• **Supplied data**
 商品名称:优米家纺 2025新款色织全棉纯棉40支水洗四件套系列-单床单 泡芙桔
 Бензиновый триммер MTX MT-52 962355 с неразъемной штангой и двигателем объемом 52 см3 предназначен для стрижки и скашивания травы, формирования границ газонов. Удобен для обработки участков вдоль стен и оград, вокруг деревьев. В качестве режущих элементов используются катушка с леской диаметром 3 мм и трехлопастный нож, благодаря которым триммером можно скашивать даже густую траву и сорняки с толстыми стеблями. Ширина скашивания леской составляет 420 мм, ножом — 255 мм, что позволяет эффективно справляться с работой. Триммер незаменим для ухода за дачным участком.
...
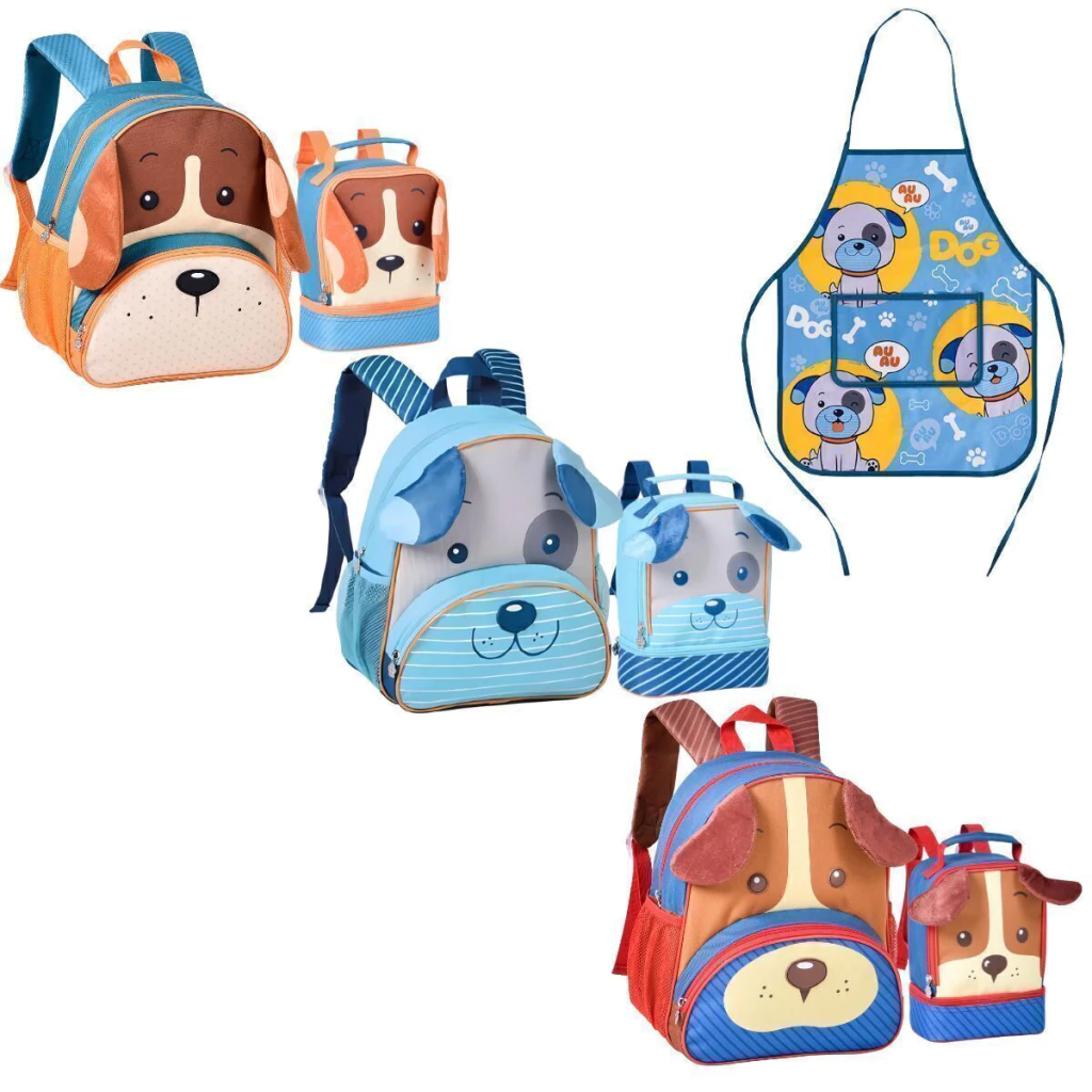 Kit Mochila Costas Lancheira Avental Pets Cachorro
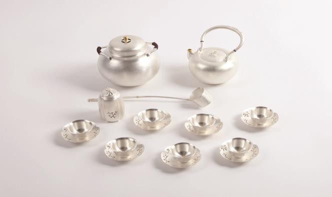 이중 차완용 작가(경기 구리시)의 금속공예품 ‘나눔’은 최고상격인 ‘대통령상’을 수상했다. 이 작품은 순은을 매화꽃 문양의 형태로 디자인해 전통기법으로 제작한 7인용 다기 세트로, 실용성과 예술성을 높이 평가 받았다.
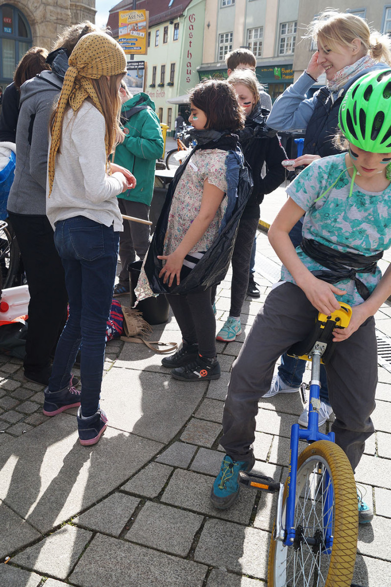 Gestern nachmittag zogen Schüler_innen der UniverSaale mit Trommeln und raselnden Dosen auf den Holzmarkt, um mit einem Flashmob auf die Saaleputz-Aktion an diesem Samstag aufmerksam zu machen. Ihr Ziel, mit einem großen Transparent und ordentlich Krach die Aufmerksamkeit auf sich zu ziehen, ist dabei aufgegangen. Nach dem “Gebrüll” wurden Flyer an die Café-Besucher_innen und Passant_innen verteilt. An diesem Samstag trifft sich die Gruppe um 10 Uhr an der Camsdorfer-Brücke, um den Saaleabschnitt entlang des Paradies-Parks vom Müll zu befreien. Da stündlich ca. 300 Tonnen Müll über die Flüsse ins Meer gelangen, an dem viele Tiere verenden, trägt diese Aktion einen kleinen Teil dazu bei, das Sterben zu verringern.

• **Work instructions**
Pictures do not belong in the answer. Return the lines above starting at the one with "Kit Mochila Costas" and ending at the one with "Gestern nachmittag zogen", both kept, exactly.

• **Response to the task**
 Kit Mochila Costas Lancheira Avental Pets Cachorro
 이중 차완용 작가(경기 구리시)의 금속공예품 ‘나눔’은 최고상격인 ‘대통령상’을 수상했다. 이 작품은 순은을 매화꽃 문양의 형태로 디자인해 전통기법으로 제작한 7인용 다기 세트로, 실용성과 예술성을 높이 평가 받았다.
 Gestern nachmittag zogen Schüler_innen der UniverSaale mit Trommeln und raselnden Dosen auf den Holzmarkt, um mit einem Flashmob auf die Saaleputz-Aktion an diesem Samstag aufmerksam zu machen. Ihr Ziel, mit einem großen Transparent und ordentlich Krach die Aufmerksamkeit auf sich zu ziehen, ist dabei aufgegangen. Nach dem “Gebrüll” wurden Flyer an die Café-Besucher_innen und Passant_innen verteilt. An diesem Samstag trifft sich die Gruppe um 10 Uhr an der Camsdorfer-Brücke, um den Saaleabschnitt entlang des Paradies-Parks vom Müll zu befreien. Da stündlich ca. 300 Tonnen Müll über die Flüsse ins Meer gelangen, an dem viele Tiere verenden, trägt diese Aktion einen kleinen Teil dazu bei, das Sterben zu verringern.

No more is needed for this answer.